▶ WHAT THE TASK ASKS: Give again, word for word, the lines below that run from the line with "Digital Sheet Music" through the line with "Клубника на столе, крупный". Drop the pictures.

▶ DATA PROVIDED:
|---|

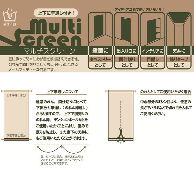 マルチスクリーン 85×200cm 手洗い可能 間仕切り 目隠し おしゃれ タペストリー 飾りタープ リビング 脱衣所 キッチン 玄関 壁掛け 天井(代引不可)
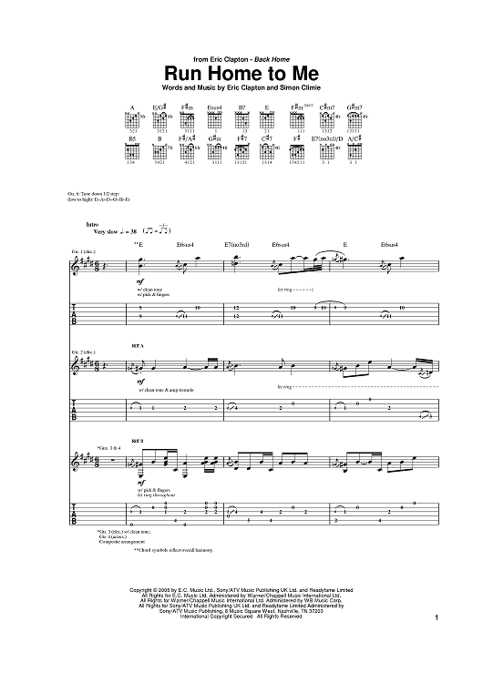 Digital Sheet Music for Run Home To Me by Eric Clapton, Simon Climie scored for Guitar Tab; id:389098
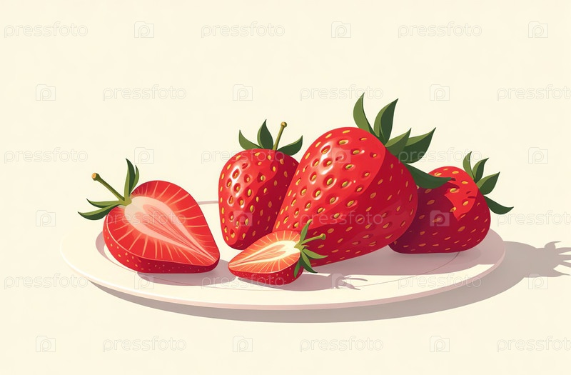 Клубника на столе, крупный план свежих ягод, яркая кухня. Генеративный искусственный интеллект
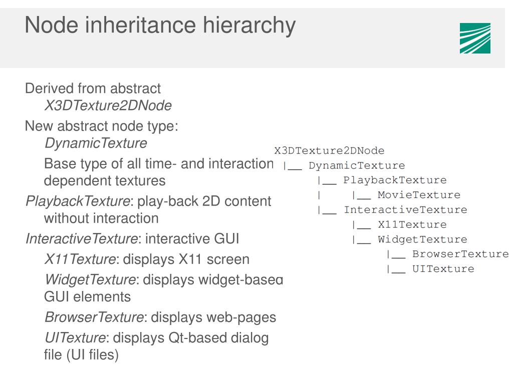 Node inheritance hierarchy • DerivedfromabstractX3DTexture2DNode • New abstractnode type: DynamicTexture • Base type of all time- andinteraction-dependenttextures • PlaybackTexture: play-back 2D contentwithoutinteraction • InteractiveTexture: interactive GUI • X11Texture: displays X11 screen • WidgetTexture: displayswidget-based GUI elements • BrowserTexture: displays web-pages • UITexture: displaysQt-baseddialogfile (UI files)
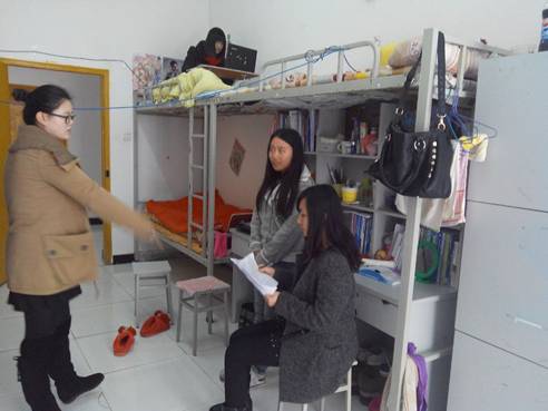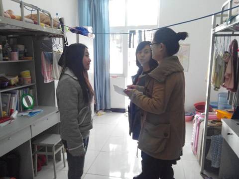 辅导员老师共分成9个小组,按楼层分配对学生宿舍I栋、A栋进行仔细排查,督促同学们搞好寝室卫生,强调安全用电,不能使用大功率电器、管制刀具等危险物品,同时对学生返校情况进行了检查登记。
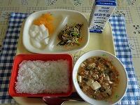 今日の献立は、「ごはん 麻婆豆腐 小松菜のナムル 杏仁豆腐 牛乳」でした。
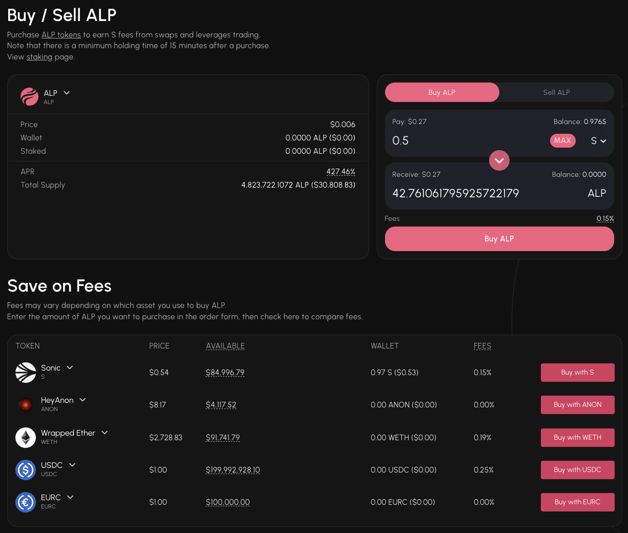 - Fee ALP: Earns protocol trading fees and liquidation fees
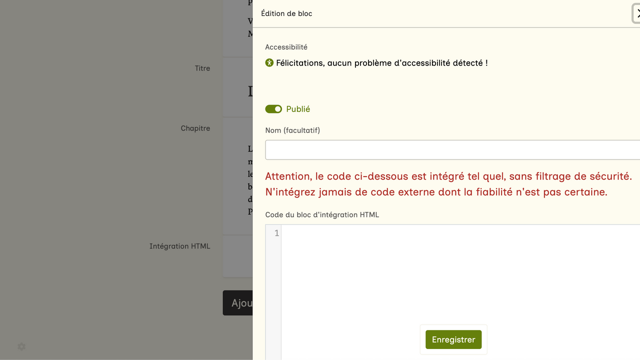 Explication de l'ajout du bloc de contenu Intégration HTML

|---|

▶ ANSWER FOR THIS EXERCISE:
 Digital Sheet Music for Run Home To Me by Eric Clapton, Simon Climie scored for Guitar Tab; id:389098
 Клубника на столе, крупный план свежих ягод, яркая кухня. Генеративный искусственный интеллект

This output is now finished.